Our CI must complete for all PRs, and it currently does run on the master branch as can be seen
here. This runs all tests on windows, macos and linux for python 3.7 to 3.11, it also runs mypy, flake8 (with some baselining), isort and black.
The skips you are seeing is likely because you don't have Jena running, and because you don't have some extras installed. In the past skips were used where xfails would be more appropriate, but most skips just indicate that the tests requires something to run that is not available in your current environment.
The xfails are used to designate known issues which is more or less what they are intended for [
ref]:
> An xfail means that you expect a test to fail for some reason.
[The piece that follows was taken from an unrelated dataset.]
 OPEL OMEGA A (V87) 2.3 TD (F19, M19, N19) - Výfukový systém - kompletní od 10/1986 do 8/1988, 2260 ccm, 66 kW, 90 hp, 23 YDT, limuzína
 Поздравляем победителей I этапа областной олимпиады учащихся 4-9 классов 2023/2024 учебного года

A common example is a test for a feature not yet implemented, or a bug not yet fixed.
They indicate that we know a test fails, but that we also know it should pass, and once the underlying issue that causes a test to fail fixed they are reported as xpass and we remove the xfail marker usually in the same PR that fixes the issue that causes the xfail as can be seen in
this PR. They are basically a more useful form of a bug report, as it makes it clear how to reproduce an issue and makes it very easy to see that an issue was fixed.
The warnings indicate something suboptimal but not fatal, they should be eliminated but in most cases they are hard to eliminate and quite costly, and there are plenty of other issues we will likely address first.
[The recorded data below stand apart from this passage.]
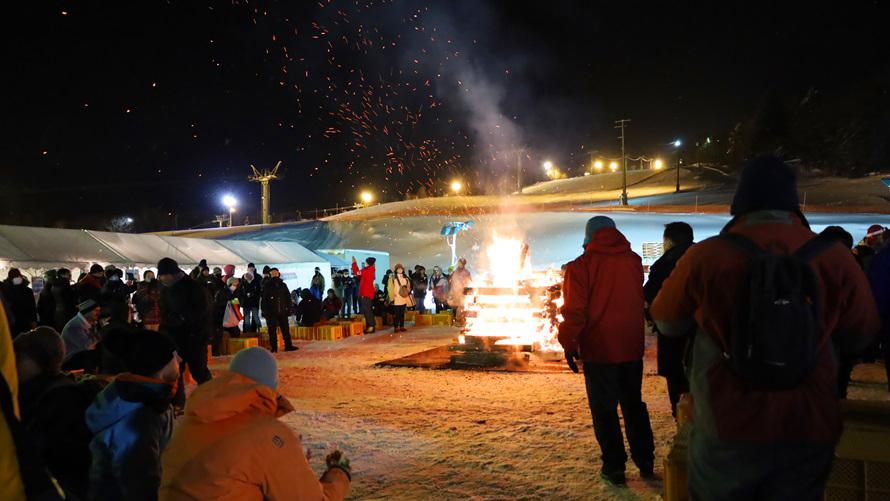 富良野スキー場を舞台に開催される冬の一大イベント。会場内の屋台や縁日コーナーでは地元食材を使ったメニューが並び、スノーラフティング体験やラフティングボートに乗って速さを競う大会なども開催。初日の夜には、冬の夜空に広がる花火の打ち上げがあります。富良野の伝統芸能、弥栄太鼓(いやさかだいこ)の迫力ある演奏も予定しておりますのでお楽しみに!
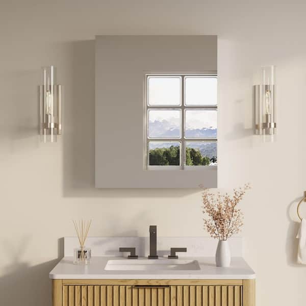RO 24 in. W x 30 in. H Rectangular Surface or Recessed Mount Chrome Aluminum Medicine Cabinet with Mirror
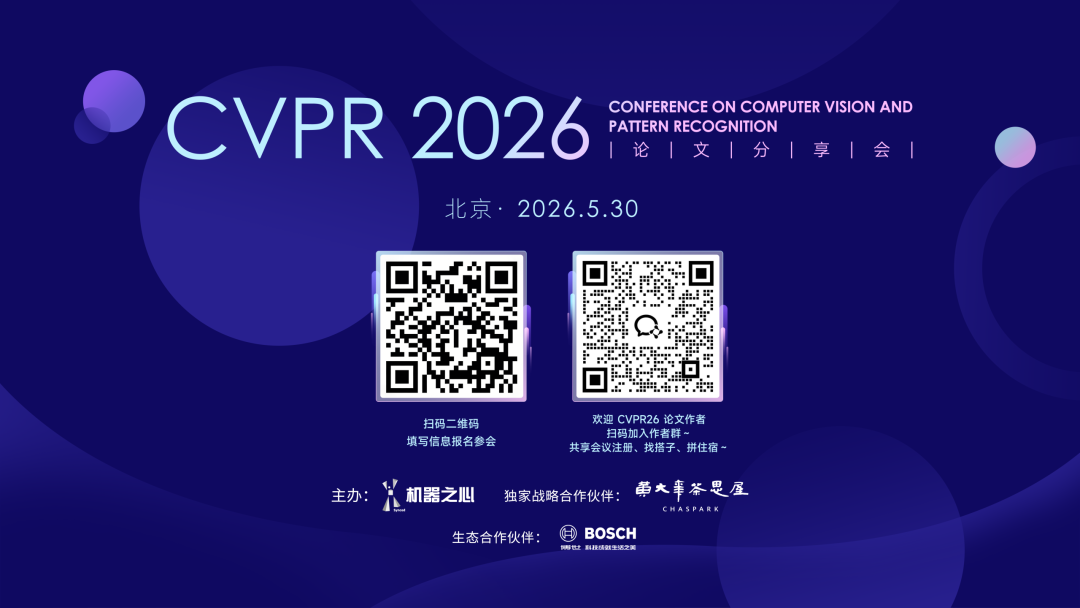 为了给广大 AI 从业者搭建一个自由轻松的学术交流平台,机器之心计划 5 月 30 日在北京举办「CVPR 2026 论文分享会」,广邀大家报名参与。如果有论文作者想要分享或者 Poster 自己的 CVPR 2026 论文,也欢迎扫描二维码报名!

The errors indicate something serious, and would prevent a PR from being merged if it occurred in a PR, but as our test suite does pass currently on master I think this is either an issue on your system or possibly a problem with a dependency.
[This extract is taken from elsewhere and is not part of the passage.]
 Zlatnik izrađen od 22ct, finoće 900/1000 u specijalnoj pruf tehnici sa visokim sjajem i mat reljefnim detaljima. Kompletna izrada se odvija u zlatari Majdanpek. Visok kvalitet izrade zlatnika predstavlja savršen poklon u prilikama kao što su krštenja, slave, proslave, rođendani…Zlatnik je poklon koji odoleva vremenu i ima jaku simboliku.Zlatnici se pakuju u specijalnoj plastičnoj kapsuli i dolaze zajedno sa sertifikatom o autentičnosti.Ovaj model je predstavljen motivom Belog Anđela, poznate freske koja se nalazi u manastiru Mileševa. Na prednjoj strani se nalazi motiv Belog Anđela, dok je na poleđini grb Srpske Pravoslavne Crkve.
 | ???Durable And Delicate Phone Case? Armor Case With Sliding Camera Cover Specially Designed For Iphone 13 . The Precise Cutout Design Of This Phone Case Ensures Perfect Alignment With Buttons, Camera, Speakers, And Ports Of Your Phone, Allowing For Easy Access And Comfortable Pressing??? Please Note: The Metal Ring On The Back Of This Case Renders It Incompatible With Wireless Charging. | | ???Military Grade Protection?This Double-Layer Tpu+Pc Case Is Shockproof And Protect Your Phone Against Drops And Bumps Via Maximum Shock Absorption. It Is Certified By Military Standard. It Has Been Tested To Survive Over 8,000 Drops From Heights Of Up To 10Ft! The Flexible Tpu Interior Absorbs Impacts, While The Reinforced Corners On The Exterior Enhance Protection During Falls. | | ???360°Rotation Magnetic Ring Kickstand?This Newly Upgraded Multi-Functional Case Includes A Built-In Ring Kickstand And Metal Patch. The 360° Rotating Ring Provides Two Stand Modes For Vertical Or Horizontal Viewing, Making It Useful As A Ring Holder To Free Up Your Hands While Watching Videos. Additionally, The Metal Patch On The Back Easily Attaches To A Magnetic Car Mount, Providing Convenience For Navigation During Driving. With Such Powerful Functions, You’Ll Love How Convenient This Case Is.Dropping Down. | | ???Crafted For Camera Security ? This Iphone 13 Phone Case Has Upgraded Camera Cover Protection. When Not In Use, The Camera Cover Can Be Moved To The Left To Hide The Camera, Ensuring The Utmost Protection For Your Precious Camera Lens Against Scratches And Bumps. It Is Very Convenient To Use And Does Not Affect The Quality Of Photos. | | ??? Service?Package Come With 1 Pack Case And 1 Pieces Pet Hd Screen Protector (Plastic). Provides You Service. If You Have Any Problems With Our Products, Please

We are open to all PRs that address any problems in RDFLib, so if you want to fix the warnings or xfails we would be very happy, but it would be best to address the problems one at a time, not to try and do it all in one PR. Many problems are not that simple to fix though. A lot of the xfails (maybe 1/2) are actually because RDFLib is too lax in parsing, and the W3C test suites which run as part of our test suite requires more strict behaviour. This is not a simple problem to address, as we should provide parsers that can be both strict and lax depending on user preference, and it is also not a high priority problem, if we just made our parsers more strict most users will be unhappy.
Some other xfails are because of legitimate problems with our parsers, which again is not that simple to fix, as likely we should be moving to something like
LARK as the current hand crafter parsers are hard to maintain.
We will be happy with any attempts to fix any of these problems though.